Sesame Saturday: Rebuilding my Bert and Ernie archive, one week at a time

Sesame Street is special to me.  Way back in the day, before the capability to call up virtually every Muppet performance ever done with the click of a mouse, Sesame Street was the most reliable–and sometimes only–source of Muppet content available to me.  Even after I learned to read and count, I continued watching it when I could–i.e., whenever I wasn’t in school–for several years.

In fact, there was a brief span of time when I had started school but my younger brother hadn’t yet–he is two and a half years younger than me–and he would watch Sesame Street while I was at school and then report to me what had happened when I got home.
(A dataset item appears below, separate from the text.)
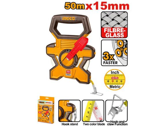 Лента мерная геодезическая INGCO 50м*15мм фиберглас (5/20)

I don’t think I asked him to do that either; he just knew I would be interested.  I remember him singing me a song that Don Music had apparently sung that day, of which the title and only lyric seemed to be “You’ll be so flabbergasted!”  

(Since the advent of YouTube, I’ve been looking for that clip ever since, to no avail.  I don’t suppose anyone out there has access to it, do you?  If someone could get it to me, I’d be eternally grateful–just so I know that I didn’t dream it.)  Thank you to reader/commenter Mike, who was able to find the clip on YouTube and was gracious enough to share it.  Check it out below:

It’s always interesting to me to find out what other people’s favorite Muppet/Sesame Street characters are, and why.  I think it oftentimes reveals a lot about the person because we tend to project our own characteristics and traits onto the Muppets with which we identify.  For example, Street Gang author Michael Davis sees Grover as a middle child because Davis, himself, is a middle child and identified Grover’s…persistence as an expression of the middle child’s desperation for parental attention.  That raises the question of who/where Grover’s other siblings are, but it doesn’t really matter; Davis needs Grover to be a middle child, and so Grover is a middle child for him.  The Muppets are kind of like Batman in that respect; they can be whatever we need them to be.
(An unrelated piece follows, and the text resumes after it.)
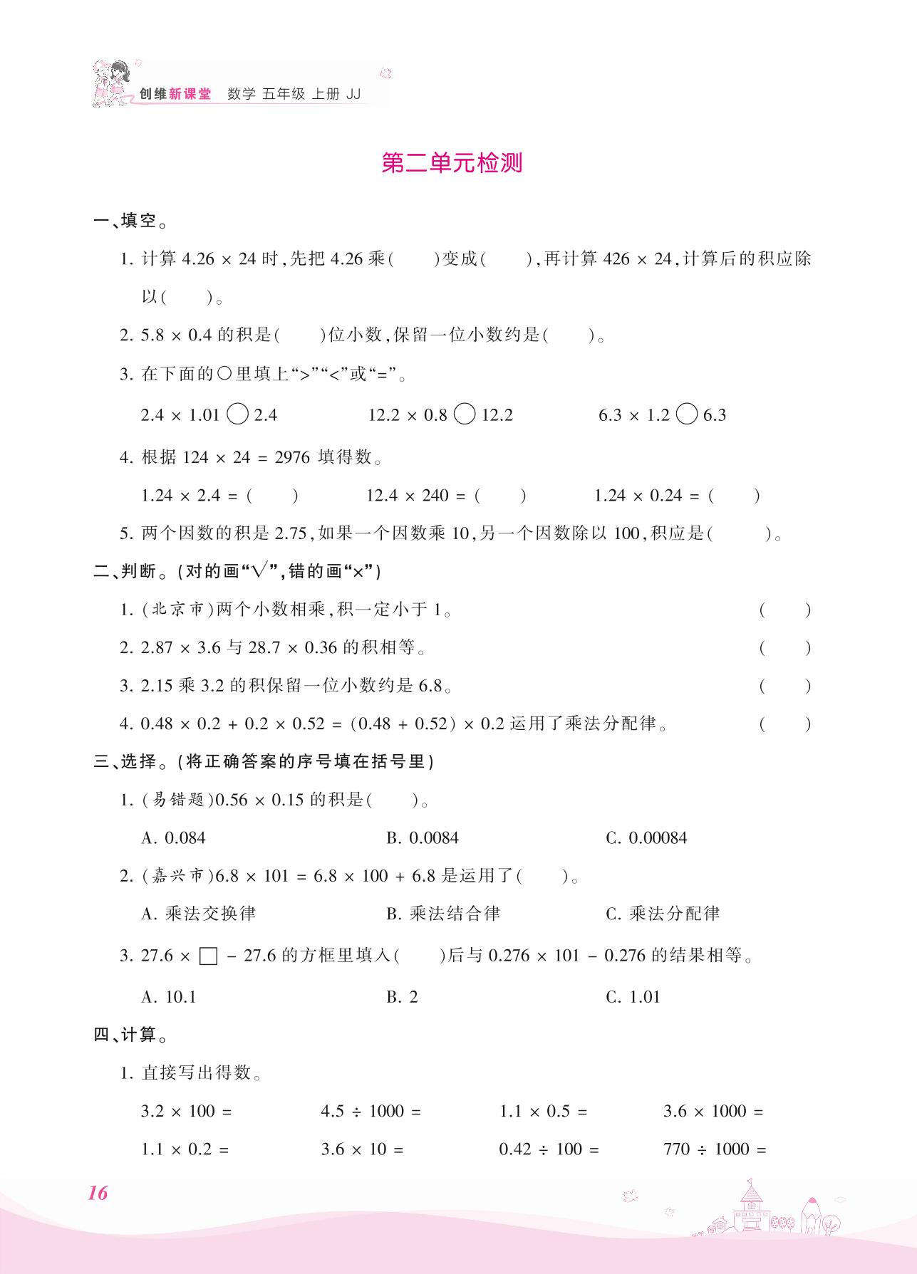 2021上册五年级数学冀教版 二 小数乘法——第二单元检测

As for me, my favorite Sesame Street characters are Bert and Ernie, because they remind me so much of myself and my older sister.  

For nine years, my sister was sort of in the catbird seat in our family; being the youngest child and the only girl, she had the privilege of having a bedroom all to herself, whereas the two boys had to share.  

Then I came along and ruined all that.

Not that she ever put it to me that way, but I think that may have been in her mind on occasion.   Now she was no longer the only girl and had to share her bedroom.  And even though she was (usually) accommodating and solicitous of me, I think she resented her loss of privacy–understandably so, I should say.  Not only that, but a couple years later when my younger brother was born, my sister became the middle child.  It was sort of a double-whammy.

Anyway, when I was five and my sister was fourteen, the dynamic between us could be very similar to the character dynamic between Bert and Ernie.  I never meant to be obnoxious, but I hero-worshipped my three older siblings so much that I wanted to spend all my time around them, doing what they did, which wasn’t always convenient for them.  To be fair, for the most part the three of them were very indulgent with me and didn’t mind me tagging along, but my sister’s patience with me would usually wear out right around bedtime.  Much like in Bert and Ernie sketches, I’d be all tucked into my bed, and some sort of profoundly philosophical, preschooler sort of thought would come into my head, and I’d want to talk to her about it, and–just like Bert–she would say, “Mary, go to sleeeeep!”

I’ve felt for years now that Bert and Ernie’s comedy stylings are underappreciated, so in 2013 I embarked on an endeavor to celebrate their comedic chops by posting at least one Bert and Ernie sketch in my old blog every weekday for one year.  I made a very conscientious decision to use clips from the official Sesame Street website or YouTube channel whenever possible, out of respect for their copyrights.  

Well, no good deed goes unpunished, as it turns out, because sometime in the intervening four years, the official website has been revamped and all of the links I made to their website are now dead.  So now I’m on a mission to find those clips on YouTube–whether they’re on the official Sesame Street channel or wherever they may be–and post them again.

In today’s selections, the comedy stems directly from the fact that Bert and Ernie are puppets:

ASIDE:  While on the Sesame Street YouTube channel, I took a look at the Season 47 sizzle reel.  About 30 seconds in, Grover appears to cause a snowstorm by means of a magical sneeze and says, “Snow in the fall?  How is this possible?”  It made me laugh out loud; clearly Grover has never been to South Dakota, where we routinely incorporate snow boots into our Halloween costumes.